Haslam provides Medicaid details

Gov. Bill Haslam talks during a press conference in Nashville on Dec. 15, 2014.
Gov. Bill Haslam talks during a press conference in Nashville on Dec. 15, 2014.

NASHVILLE -- Republican Gov. Bill Haslam has made a habit of being elsewhere the last three times President Barack Obama has visited Tennessee. But on Friday, just as Haslam prepares to sell the GOP-controlled legislature on Medicaid expansion, the governor plans to be front and center with the Democratic president when he visits Knoxville.

Haslam insists he's not worried about any political ramifications from appearing alongside Obama, noting that the president is coming to Tennessee to highlight the state's free community college program.

State Republicans have spent years vilifying Obama and his health care policies, and legislators last year enacted a law requiring their approval for any Medicaid deal. It was dubbed the "Stop Obamacare Act."

Haslam, about to embark on his second term, is safe politically -- but the same cannot be said of his agenda.

In November, he won re-election with more than 70 percent of the vote, and a month later he was named chairman of the Republican Governors Association. Still, he faces what is likely to be his toughest legislative session yet, with outcome of several key initiatives likely to set the tone for the rest of his time in office.

The governor has called a special session next month in which he hopes to persuade skeptical members of his own party to approve a deal to cover 200,000 more low-income people using money available under Obama's health care law. He stresses that his proposal is not straight Medicaid expansion because it includes what he calls a "market-based" approach of vouchers to buy private insurance, co-pays and incentives for healthy living.

GOP hardliners are already lining up against the plan, and Haslam earlier this week acknowledged that he will need all 31 Democrats in the state Legislature to pass his plan.

In the regular session to follow, Haslam will try to avert efforts to dismantle Common Core education standards, another initiative embraced by Obama, and could have to tackle efforts to raise the state's gas tax for the first time in 25 years -- both already generating skepticism from fellow Republicans.

Republican Senate Speaker Ron Ramsey said Haslam's appearance with Obama could have a negative impact on the governor's Medicaid proposal.

"Does it help or hurt? It hurts," Ramsey said. "It doesn't help anything."

State House Democratic leader Craig Fitzhugh said he's "certainly worried" about political fallout.

"But I hope political pettiness is overcome by overwhelmingly positive aspects of the governor and the Legislature taking this action to insure 200,000 Tennesseans," he said.

If approved, Tennessee would become the 28th state plus Washington, D.C., to expand Medicaid, and the 10th initiated by a Republican governor.

Haslam said the president's visit shouldn't affect his efforts.

"We've made community college free to every graduating high schooler, the first state to do that," Haslam told reporters earlier this week. "The fact that you have the president of the United States coming to your state to say this is a good thing, and it's something we should have more of across the country, that can't help but be a good message for the state."

The president visited Nashville twice last year, to speak about his executive action on immigration in December and about education at a high school in January.
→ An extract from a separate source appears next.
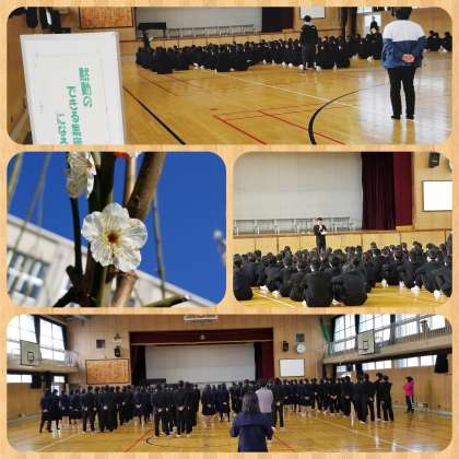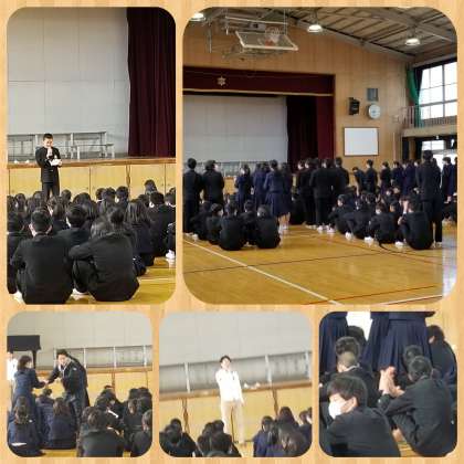 二年生学年集会、休み明けの少し気持ちの緩んだ生徒集団に大きな号令がかかります。

Obama also spoke at an Amazon.com warehouse in Chattanooga in 2013.

Haslam and Republican U.S. Sens. Bob Corker and Lamar Alexander steered clear of the president on each of those occasions, and last appeared together with Obama in Tennessee when he visited Memphis in 2011 to meet with flood victims and speak at a high school graduation ceremony.

Haslam has said scheduling conflicts prevented him from meeting Obama on the previous visits, noting that he has met with the president several times at the White House.